In the above-described embodiment, the case where the inspection is performed by applying the probe needle 21A to the electrode pad on the surface of the wafer W has been described. However, the present invention can be applied to the case where the inspection is performed by applying the probe needle 21A to the solder bump. Needless to say. Further, the cleaner of the present invention is not limited to the probe needle 21A described in the above embodiment, but can be applied to cleaning of various probe terminals such as a vertical probe terminal.

[0023]

According to the first to fourth aspects of the present invention, the cleaner can be easily mounted without worrying about the parallelism with the probe terminal row, and the cost of the cleaning mechanism can be reduced. A cleaner and a cleaning method that can be reduced can be provided.

[Brief description of the drawings]

FIG. 1 is a partially cutaway perspective view showing a probe device to which an embodiment of a cleaner according to the present invention is applied.

FIG. 2 is a perspective view showing the cleaner of the present embodiment used in FIG. 1;

FIG. 3 is an explanatory view of the operation of the cleaner shown in FIG. 2;

[Explanation of symbols]

 Reference Signs List 10 probe device 19 main chuck (mounting table) 21 probe card 21A probe needle (probe terminal) 31 cleaner 31A polishing paper 31B support

Claims (4)

[Claims] An abrasive paper coated with abrasive grains adjusted to a particle diameter smaller than an outer diameter of a probe terminal used for performing an electrical characteristic inspection of an object to be inspected, and a plurality of abrasive papers overlap each other. A support arranged in a row and supporting each of the polishing papers with a predetermined gap therebetween. 2. The cleaner according to claim 1, wherein the average grain size of the abrasive grains is several μm. 3. The cleaner according to claim 1, wherein the polishing paper has flexibility. 4. An abrasive paper coated with abrasive grains adjusted to a particle diameter smaller than an outer diameter of a probe terminal used for performing an electrical characteristic inspection of an object to be inspected, and a plurality of abrasive papers overlap each other.
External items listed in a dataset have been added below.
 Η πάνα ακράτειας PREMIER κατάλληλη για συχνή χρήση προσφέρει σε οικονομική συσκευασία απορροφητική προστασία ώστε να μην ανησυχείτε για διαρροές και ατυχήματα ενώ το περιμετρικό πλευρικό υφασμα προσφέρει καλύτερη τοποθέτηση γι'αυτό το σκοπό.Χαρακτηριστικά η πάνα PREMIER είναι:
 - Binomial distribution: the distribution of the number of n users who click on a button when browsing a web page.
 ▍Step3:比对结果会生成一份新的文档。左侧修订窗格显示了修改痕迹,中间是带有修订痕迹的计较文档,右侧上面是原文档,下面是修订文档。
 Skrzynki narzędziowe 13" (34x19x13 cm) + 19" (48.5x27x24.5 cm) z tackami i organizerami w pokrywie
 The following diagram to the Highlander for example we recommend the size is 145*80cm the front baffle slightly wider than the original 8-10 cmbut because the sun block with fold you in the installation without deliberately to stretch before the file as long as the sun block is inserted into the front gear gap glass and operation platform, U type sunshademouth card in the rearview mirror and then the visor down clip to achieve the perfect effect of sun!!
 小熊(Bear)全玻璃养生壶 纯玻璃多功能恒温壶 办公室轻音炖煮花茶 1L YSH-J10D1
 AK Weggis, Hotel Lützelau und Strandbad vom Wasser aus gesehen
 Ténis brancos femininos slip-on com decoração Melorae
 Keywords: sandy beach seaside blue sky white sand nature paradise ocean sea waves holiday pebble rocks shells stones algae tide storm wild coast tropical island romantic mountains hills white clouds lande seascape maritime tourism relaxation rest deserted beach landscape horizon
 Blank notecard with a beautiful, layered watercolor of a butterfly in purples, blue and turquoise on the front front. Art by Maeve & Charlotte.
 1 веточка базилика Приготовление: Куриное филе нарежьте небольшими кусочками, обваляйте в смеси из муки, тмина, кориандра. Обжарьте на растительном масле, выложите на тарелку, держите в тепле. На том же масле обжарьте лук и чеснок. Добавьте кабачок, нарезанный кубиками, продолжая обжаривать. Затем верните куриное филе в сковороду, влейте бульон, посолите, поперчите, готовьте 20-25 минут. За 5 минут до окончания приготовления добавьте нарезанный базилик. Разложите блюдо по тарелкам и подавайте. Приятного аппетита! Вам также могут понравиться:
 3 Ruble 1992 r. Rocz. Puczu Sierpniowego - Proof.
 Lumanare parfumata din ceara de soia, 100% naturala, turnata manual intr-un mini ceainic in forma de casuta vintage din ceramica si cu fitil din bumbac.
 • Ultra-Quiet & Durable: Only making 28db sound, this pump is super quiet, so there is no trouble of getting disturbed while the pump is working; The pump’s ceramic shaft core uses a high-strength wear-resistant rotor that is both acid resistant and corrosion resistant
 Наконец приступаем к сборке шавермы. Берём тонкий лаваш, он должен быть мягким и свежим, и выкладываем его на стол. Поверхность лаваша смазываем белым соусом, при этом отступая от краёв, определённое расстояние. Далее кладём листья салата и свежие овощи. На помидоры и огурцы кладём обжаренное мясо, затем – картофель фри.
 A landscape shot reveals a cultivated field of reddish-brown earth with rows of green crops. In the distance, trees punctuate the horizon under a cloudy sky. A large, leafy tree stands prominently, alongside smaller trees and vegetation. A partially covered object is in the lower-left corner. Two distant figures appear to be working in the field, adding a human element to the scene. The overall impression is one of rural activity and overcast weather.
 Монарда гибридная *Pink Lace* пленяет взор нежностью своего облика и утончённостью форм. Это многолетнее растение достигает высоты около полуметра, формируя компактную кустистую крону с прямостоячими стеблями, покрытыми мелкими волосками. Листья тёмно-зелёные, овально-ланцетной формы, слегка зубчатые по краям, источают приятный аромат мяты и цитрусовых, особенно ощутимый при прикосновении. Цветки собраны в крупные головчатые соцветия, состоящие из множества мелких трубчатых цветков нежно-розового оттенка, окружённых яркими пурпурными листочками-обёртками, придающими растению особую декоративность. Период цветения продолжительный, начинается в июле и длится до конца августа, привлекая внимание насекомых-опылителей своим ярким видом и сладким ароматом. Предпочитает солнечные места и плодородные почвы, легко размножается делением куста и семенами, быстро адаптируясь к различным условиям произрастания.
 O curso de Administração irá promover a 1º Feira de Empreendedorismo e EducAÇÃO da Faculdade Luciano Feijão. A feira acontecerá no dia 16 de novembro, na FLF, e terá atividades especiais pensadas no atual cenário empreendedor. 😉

A method of cleaning the probe terminals using a cleaner having a support arranged and supporting each of the polishing papers via a predetermined gap, wherein the polishing paper is disposed at a position where the polishing papers interfere with the probe terminals. A cleaning method characterized by horizontally moving a cleaner in the direction in which the abrasive paper is arranged.